Since the treatment is based on the use of medications, you should not try to cope with this disease on your own.
In drug treatment, antidepressants (for instance, Imipramine) and antipsychotics are used. In severe disease, tranquilizers and nootropics are used.
In case of a negative result, the method of simultaneous withdrawal of therapy can be used. And in the case of its ineffectiveness, electroconvulsive therapy is used.
In addition to psychopharmacotherapeutic measures, patients need psychotherapy.
It is important for the patient to realize the need to adapt to the disease, to the interests of others. It is imperative to understand the importance of changing from active therapy to supportive therapy. Psychotherapy will not cure this type of depression without medication.
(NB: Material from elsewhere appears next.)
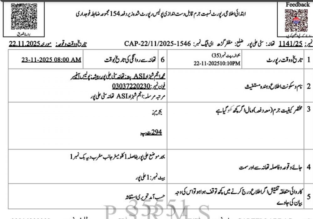 ایف آئی آرکے مطابق مدعی پولیس افسرنے ارتکاب جرم 294 ت پ کے تحت مقدمہ درج کرنے کی درخواست کی ۔

Endogenous depression risk groups
Depression is one of the frequent causes of decreased performance and is a serious medical and social problem. When depressed, people may think that their mental discomfort is not a sufficient reason to see a specialist but it is not true. Only a comprehensive approach can solve the problem and let the patient to live a full and happy life.
People who are in a risk group for endogenous depression:
- Pregnant women and women who recently have given birth are more prone to depression. Due to the fact that it is not always possible for pregnant women and mothers to take medications, there are non-drug treatments for depression: psychotherapy, relaxation, sleep regulation, social support, light and music therapy.
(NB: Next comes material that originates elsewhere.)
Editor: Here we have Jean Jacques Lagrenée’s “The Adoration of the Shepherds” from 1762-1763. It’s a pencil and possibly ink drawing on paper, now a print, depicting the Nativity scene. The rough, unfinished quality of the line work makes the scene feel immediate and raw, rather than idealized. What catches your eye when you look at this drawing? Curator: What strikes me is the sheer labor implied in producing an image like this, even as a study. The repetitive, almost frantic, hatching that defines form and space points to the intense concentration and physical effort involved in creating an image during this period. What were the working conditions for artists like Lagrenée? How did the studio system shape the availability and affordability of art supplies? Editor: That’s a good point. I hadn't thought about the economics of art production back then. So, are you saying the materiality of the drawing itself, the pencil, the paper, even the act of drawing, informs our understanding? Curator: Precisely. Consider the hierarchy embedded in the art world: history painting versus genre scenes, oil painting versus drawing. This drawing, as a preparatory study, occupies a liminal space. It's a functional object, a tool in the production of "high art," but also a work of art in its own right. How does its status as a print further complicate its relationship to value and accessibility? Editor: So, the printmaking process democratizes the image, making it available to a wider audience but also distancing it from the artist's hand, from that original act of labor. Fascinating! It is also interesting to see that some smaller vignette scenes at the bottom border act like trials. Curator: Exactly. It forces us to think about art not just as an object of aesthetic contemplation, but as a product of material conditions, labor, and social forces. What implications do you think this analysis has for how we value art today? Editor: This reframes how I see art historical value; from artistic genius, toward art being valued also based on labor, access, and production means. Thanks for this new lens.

- People with terminal illnesses and elderly people. In old age, loneliness, social disintegration, loss of loved ones, disabling somatic diseases, decreased cognitive functions and being in special institutions (hospitals, care institutions) contribute to depressive conditions and are risk factors. In this regard, it is necessary to pay attention to the elderly, provide them with social assistance and psychological support.
Patients very rarely seek help from specialists. But it's important to understand that depression isn't just a depressed mood. It is a psychological disease, and self-treatment usually does not work. The effectiveness of treatment depends on the correct diagnosis. It is necessary to follow the recommendations of the attending physician.